La vicenda: la moglie vanta un credito derivante da assegno di mantenimento stabilito nella sentenza di separazione personale. Intraprende un’esecuzione immobiliare contro il marito. Questi si oppone ed eccepisce in compensazione un controcredito derivante dall’adempimento, da parte sua, di un mutuo fondiario stipulato da entrambi.
Il Tribunale di Palermo accoglie l’opposizione del marito e condanna l’ex moglie al pagamento della somma eccedente la compensazione.

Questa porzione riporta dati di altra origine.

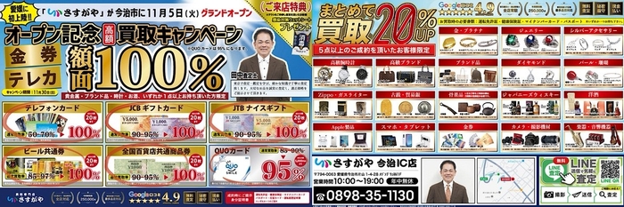 全国で115店舗展開する「買取専門店さすがや」が、 2025年11月5日、愛媛県今治市にグランドオープンいたします!

La moglie propone appello. La Corte di Appello di Palermo rigetta il gravame affermando che il divieto di compensazione dei crediti alimentari non poteva trovare accoglimento in quanto il credito oggetto del titolo esecutivo non aveva natura strettamente alimentare o, perlomeno, non era stata offerta nessuna prova in merito a quanto, quel credito, riguardasse gli alimenti per i figli.
Si arriva così in Corte di Cassazione. Gli Ermellini, con sentenza n. 9686 del 26.05.2020, affermano che il ricorso, oltre ad essere in parte inammissibile, risulta infondato. In particolare, la Corte ribadisce che, secondo la giurisprudenza di legittimità, «il credito relativo al mantenimento dei figli, anche maggiorenni, se ancora economicamente non indipendenti, è propriamente alimentare». Si tratta di un «credito che presuppone uno stato di bisogno strutturale perché riferito a soggetti carenti di autonomia economica e, come tali, titolari di un diritto di sostentamento conformato dall’ordinamento con riguardo alla complessiva formazione della persona».

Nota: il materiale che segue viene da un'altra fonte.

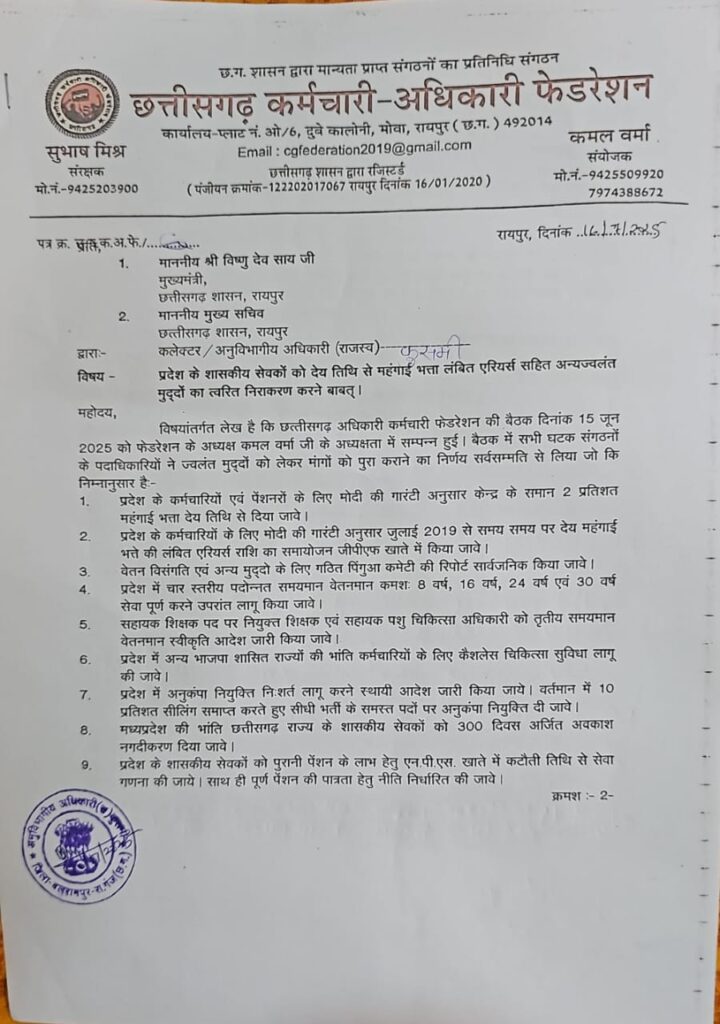 कुसमी।  छत्तीसगढ़ के कर्मचारी अधिकारियों की जायज मांगे शामिल हैं 1. प्रदेश के कर्मचारियों एवं पेंशनरों के लिए मोदी की गारंटी अनुसार केन्द्र के समान 2 प्रतिशत महंगाई भत्ता तिथि से दिया जाये।

Ne consegue, chiarisce la Corte, che “la ragione creditoria è indisponibile e impignorabile se non per crediti parimenti alimentari e, di conseguenza, non compensabili”.
Tuttavia, la medesima cosa non può dirsi per il credito a titolo di mantenimento del coniuge che non ha pari struttura e che trova la sua fonte legale nel diritto all’assistenza materiale inerente al vincolo coniugale e non nell’incapacità della persona che versa in stato di bisogno.
Al debitore esecutato, quindi, è consentito opporre in compensazione al creditore esecutante un controcredito, purché certo e, laddove ancora illiquido, di importo superiore al credito azionato esecutivamente.
La Suprema Corte, quindi, rigetta il ricorso dell’ex moglie: “al credito per mantenimento del coniuge azionato esecutivamente non possa in alcun caso opporsi in compensazione, ex art. 615 c.p.c., un controcredito certo e illiquido ma di pronta liquidazione”.